▶ **Work to be completed**:
The answer should hold every line of the listing, unchanged and free of images.

»»

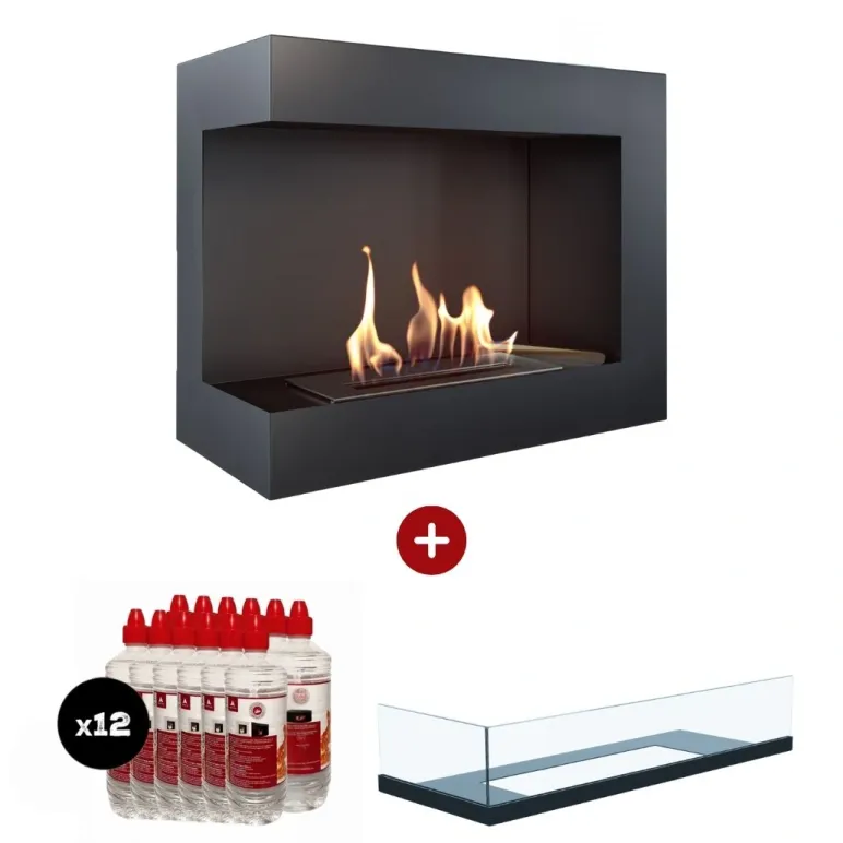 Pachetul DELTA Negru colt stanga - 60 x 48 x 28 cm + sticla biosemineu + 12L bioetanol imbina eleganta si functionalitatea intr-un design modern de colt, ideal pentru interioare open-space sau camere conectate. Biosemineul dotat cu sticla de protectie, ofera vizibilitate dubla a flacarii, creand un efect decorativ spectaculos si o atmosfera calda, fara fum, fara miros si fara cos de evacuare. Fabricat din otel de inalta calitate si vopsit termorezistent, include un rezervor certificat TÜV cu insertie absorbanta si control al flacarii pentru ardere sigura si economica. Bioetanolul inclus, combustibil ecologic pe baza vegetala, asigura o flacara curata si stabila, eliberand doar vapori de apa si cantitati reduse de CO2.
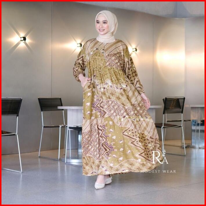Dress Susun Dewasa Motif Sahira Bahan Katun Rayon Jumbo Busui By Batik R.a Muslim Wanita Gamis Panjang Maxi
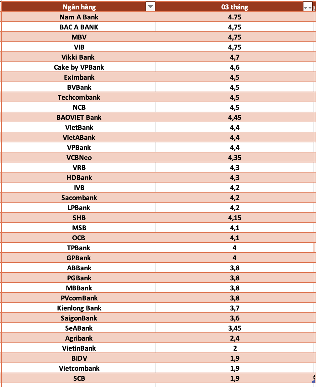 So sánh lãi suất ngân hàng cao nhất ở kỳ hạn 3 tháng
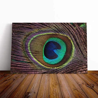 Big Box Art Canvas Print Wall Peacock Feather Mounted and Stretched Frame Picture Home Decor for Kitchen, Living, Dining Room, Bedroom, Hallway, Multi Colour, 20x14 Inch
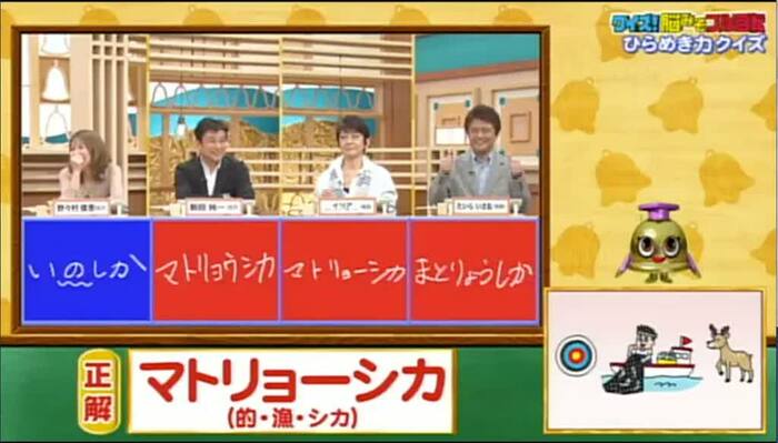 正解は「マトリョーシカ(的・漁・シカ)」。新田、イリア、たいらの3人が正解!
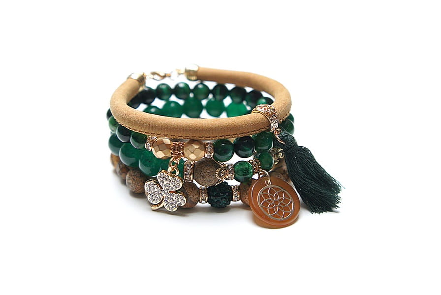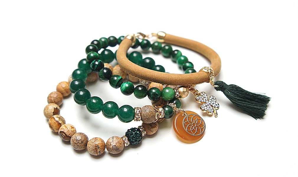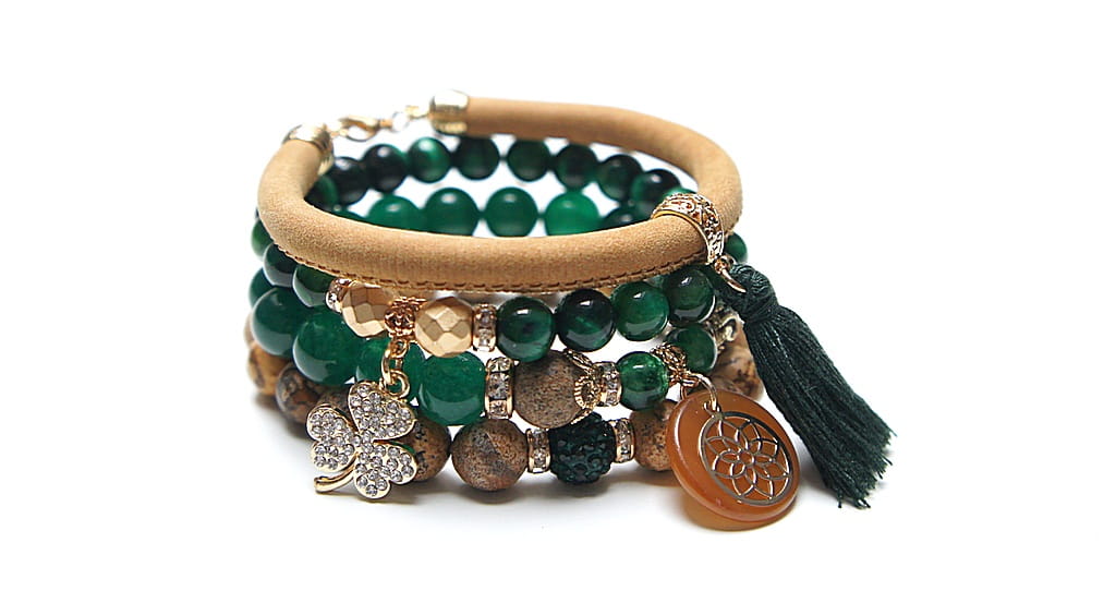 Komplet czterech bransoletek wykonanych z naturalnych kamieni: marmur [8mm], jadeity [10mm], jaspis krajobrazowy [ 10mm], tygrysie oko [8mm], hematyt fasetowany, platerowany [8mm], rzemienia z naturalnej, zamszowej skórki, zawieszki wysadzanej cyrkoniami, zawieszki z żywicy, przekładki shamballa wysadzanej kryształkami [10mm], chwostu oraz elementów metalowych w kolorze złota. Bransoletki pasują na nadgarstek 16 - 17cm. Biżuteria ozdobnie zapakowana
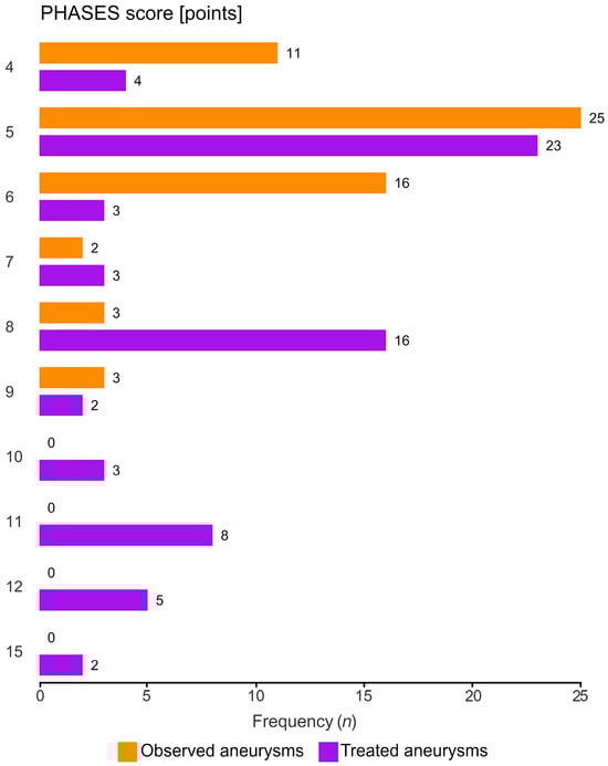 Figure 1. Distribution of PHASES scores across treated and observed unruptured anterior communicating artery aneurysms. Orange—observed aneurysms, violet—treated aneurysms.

««

▶ **Completed task**:
 Pachetul DELTA Negru colt stanga - 60 x 48 x 28 cm + sticla biosemineu + 12L bioetanol imbina eleganta si functionalitatea intr-un design modern de colt, ideal pentru interioare open-space sau camere conectate. Biosemineul dotat cu sticla de protectie, ofera vizibilitate dubla a flacarii, creand un efect decorativ spectaculos si o atmosfera calda, fara fum, fara miros si fara cos de evacuare. Fabricat din otel de inalta calitate si vopsit termorezistent, include un rezervor certificat TÜV cu insertie absorbanta si control al flacarii pentru ardere sigura si economica. Bioetanolul inclus, combustibil ecologic pe baza vegetala, asigura o flacara curata si stabila, eliberand doar vapori de apa si cantitati reduse de CO2.
Dress Susun Dewasa Motif Sahira Bahan Katun Rayon Jumbo Busui By Batik R.a Muslim Wanita Gamis Panjang Maxi
 So sánh lãi suất ngân hàng cao nhất ở kỳ hạn 3 tháng
 Big Box Art Canvas Print Wall Peacock Feather Mounted and Stretched Frame Picture Home Decor for Kitchen, Living, Dining Room, Bedroom, Hallway, Multi Colour, 20x14 Inch
 正解は「マトリョーシカ(的・漁・シカ)」。新田、イリア、たいらの3人が正解!
 Komplet czterech bransoletek wykonanych z naturalnych kamieni: marmur [8mm], jadeity [10mm], jaspis krajobrazowy [ 10mm], tygrysie oko [8mm], hematyt fasetowany, platerowany [8mm], rzemienia z naturalnej, zamszowej skórki, zawieszki wysadzanej cyrkoniami, zawieszki z żywicy, przekładki shamballa wysadzanej kryształkami [10mm], chwostu oraz elementów metalowych w kolorze złota. Bransoletki pasują na nadgarstek 16 - 17cm. Biżuteria ozdobnie zapakowana
 Figure 1. Distribution of PHASES scores across treated and observed unruptured anterior communicating artery aneurysms. Orange—observed aneurysms, violet—treated aneurysms.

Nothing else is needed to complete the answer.